While the VAE is a generative model that is capable of producing new samples from a learned data distribution, its main objective is to learn the latent space representation and the corresponding distribution. Generative adversarial networks (GANs) are explicitly set up to optimize for the generative tasks^{ [9]}. In their essence, GANs were proposed as generative models that learn a mapping from a random noise vector \(z\) to an output \(y\), \(G: z \to y\)^{[9]} . The architecture of a GAN is composed of two main components: the generator and the discriminator. The generator \(G\) is trained to produce samples based on an input noise vector \(z\) that cannot be distinguished from “real” images by an adversarially trained discriminator, *D*, which is trained to do as well as possible at detecting the generator “fakes” ^{[9]}.

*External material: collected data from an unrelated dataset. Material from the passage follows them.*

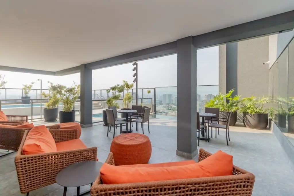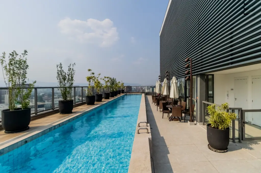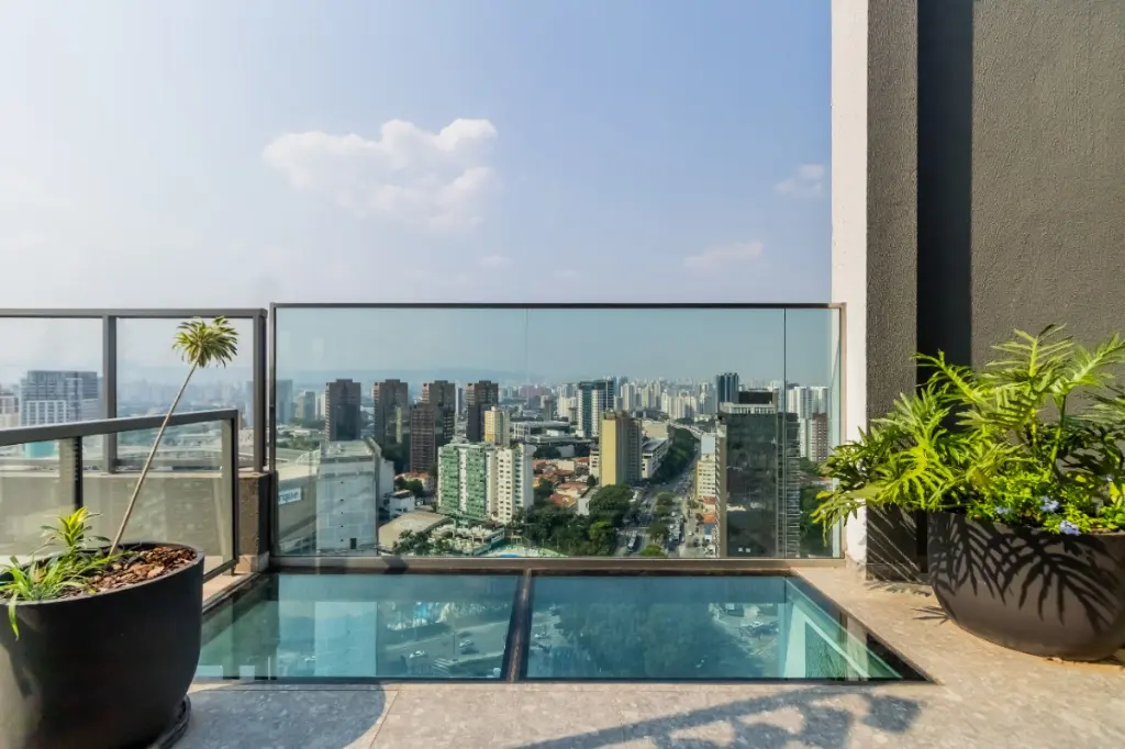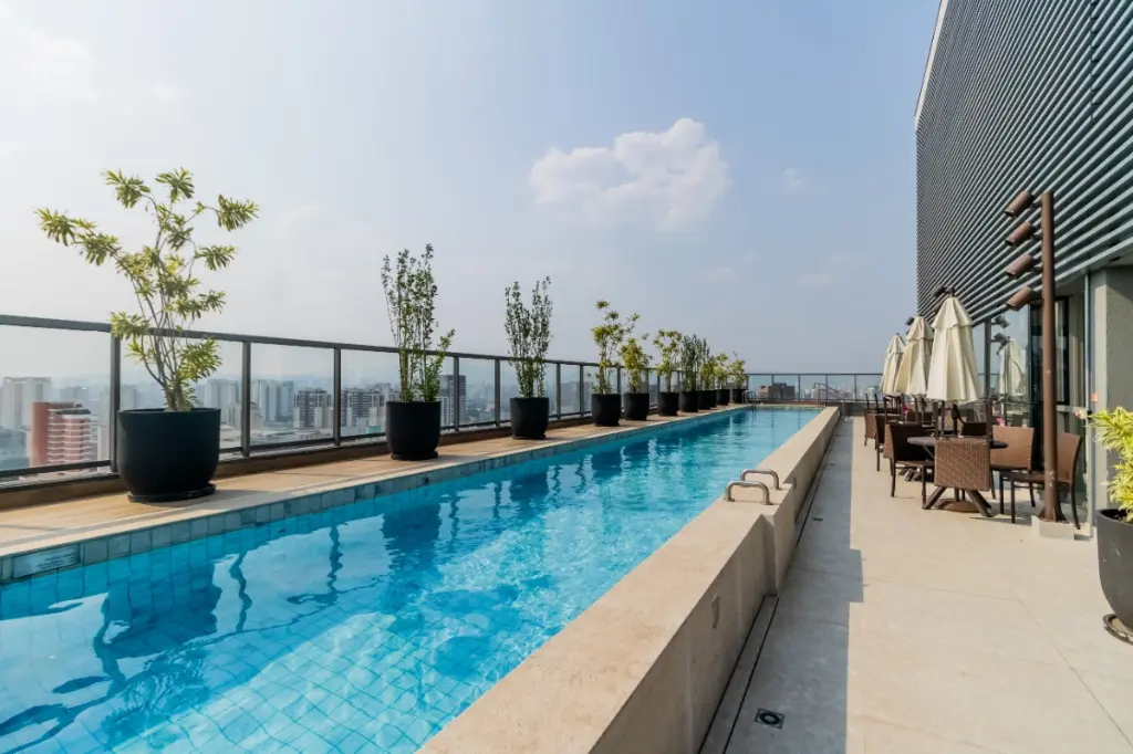 Lazer espetacular na cobertura: piscina, ampla área para fitness, lounge e mirante.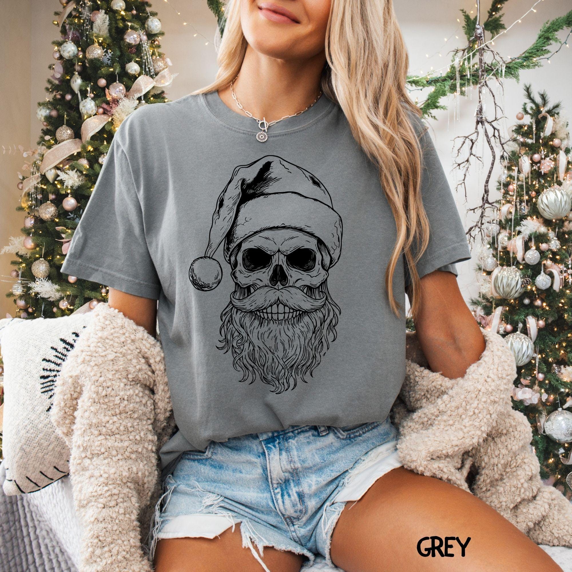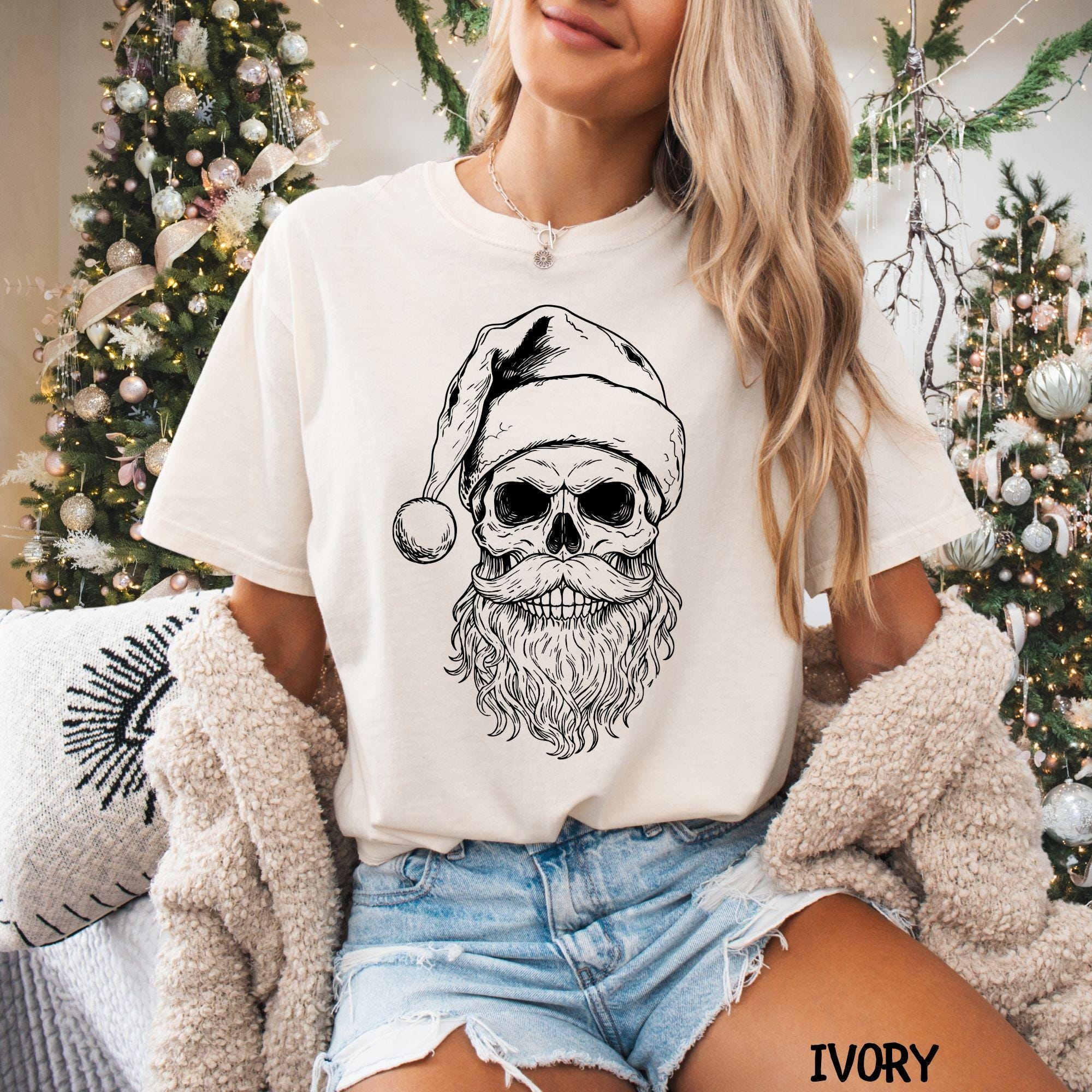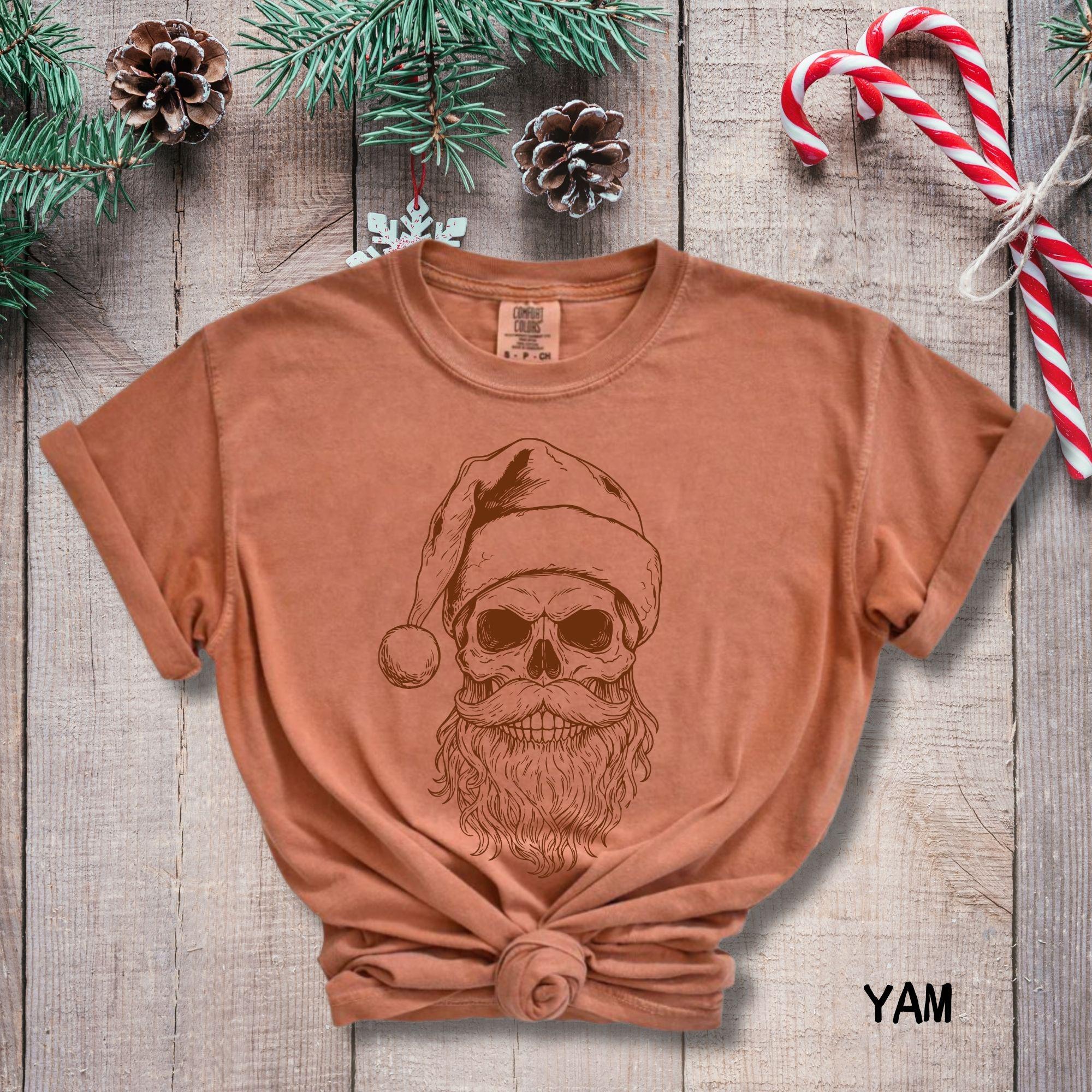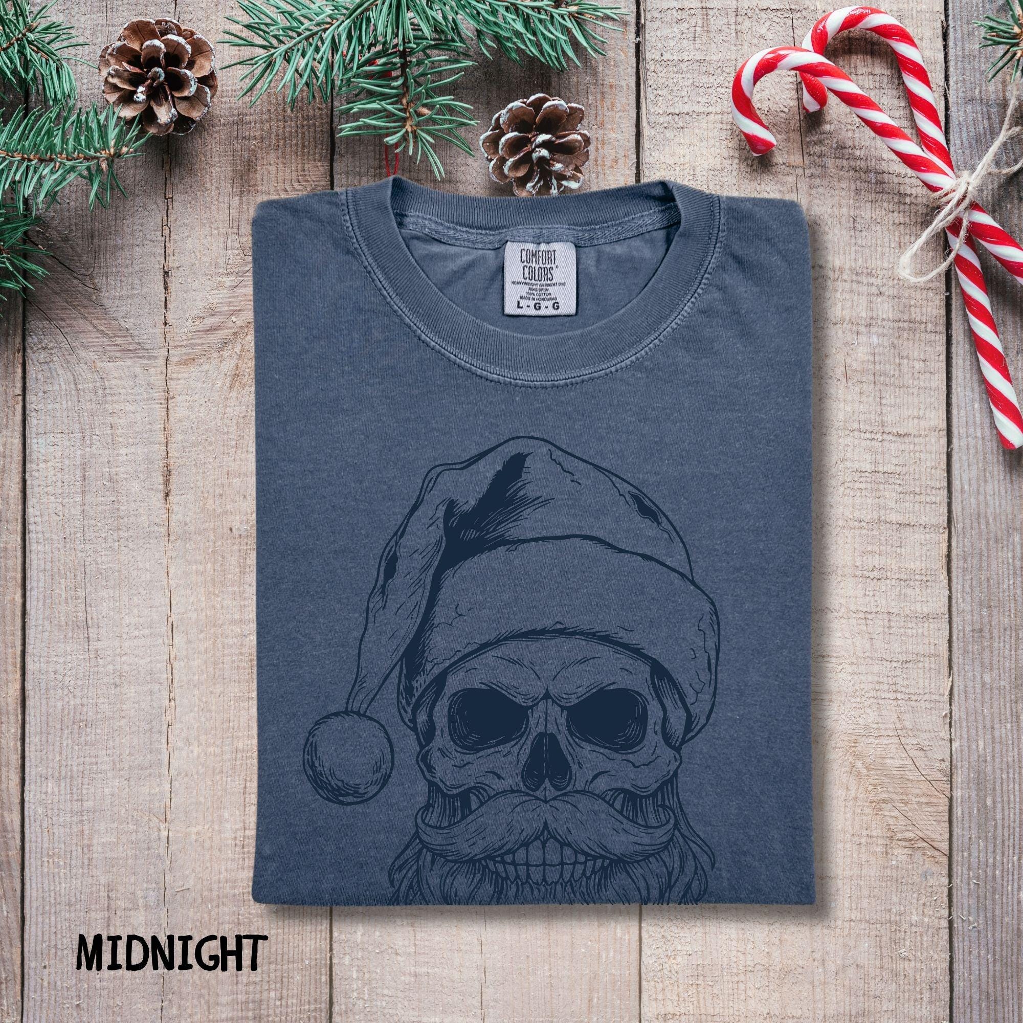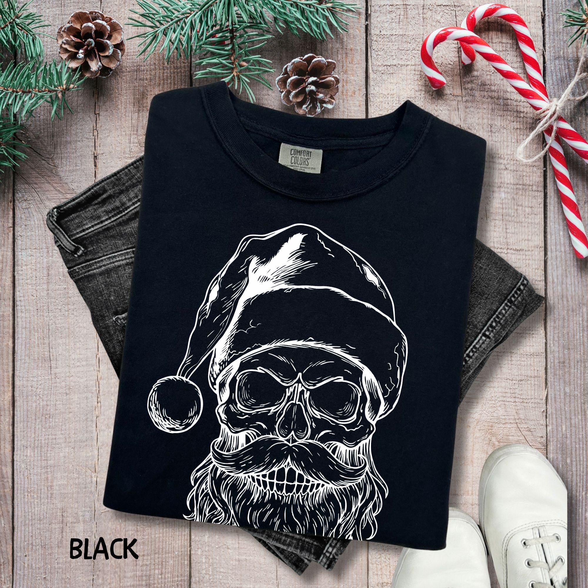 Break away from the conventional! Our Santa Skull design is the ultimate statement piece for anyone who prefers a darker take on the holidays. This premium soft-wash t-shirt is incredibly comfortable, wear it alone or layer it up like a light hoodie. The detailed line art of the bearded skull in a Santa hat makes it a perfect, unique Christmas gift. It’s more than just a tee; it’s a vibe. Pair it with jeans for a casual look or gift this unforgettable sweatshirt style shirt to the punk rocker in your life.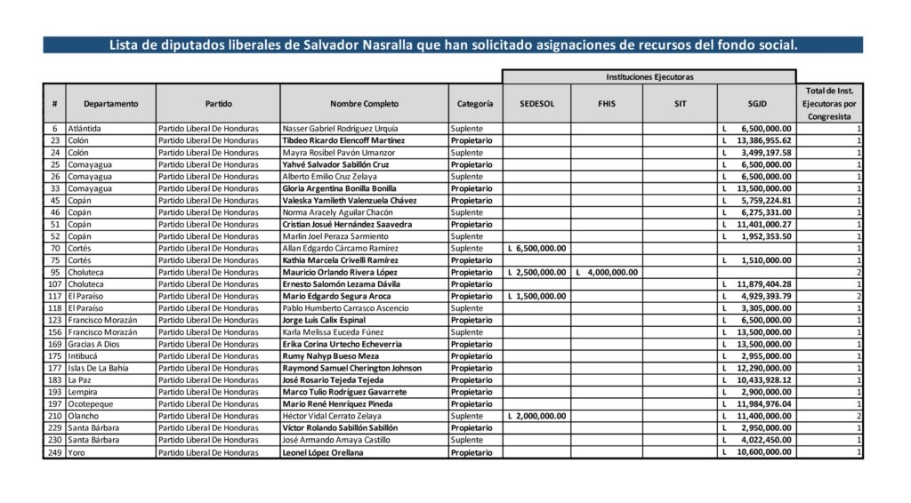 Cabe señalar que entre los montos gestionados por los diputados liberales figuran cifras millonarias: Yahvé Sabillón aparece con 6,500.000.00, Gloria Argentina Bonilla, con 13,000,000.00, Kathia Crivelli, 1,510.000.00, Mario Segura, 4,929.393.79, Jorge Cálix, 6,500.000.00.

The conventional generator in a GAN is basically an encoder-decoder scheme similar to that in an AE where the input is passed through a series of layers that progressively downsample it (i.e., encoding), until a bottleneck layer, at which point the process is reversed (i.e., decoding) ^{[9, 10, 28]}. On the other hand, the discriminator is a convolutional neural network whose objective is to classify “fake” and “real” images. Hence, its structure differs from that of the generator and resembles a typical two-class classification network^{ [9, 10, 28]}. This adversarial scheme is represented in the objective function given as:

\[\underset{G}{\mathrm{min}}\underset{D}{\mathrm{max}}{\mathbb{E}}_{x}\left[logD\left(x\right)\right]+{\mathbb{E}}_{z}\left(log\left[1-D\left(G\left(z\right)\right)\right]\right)\qquad \qquad \qquad \quad \text{(4)}\]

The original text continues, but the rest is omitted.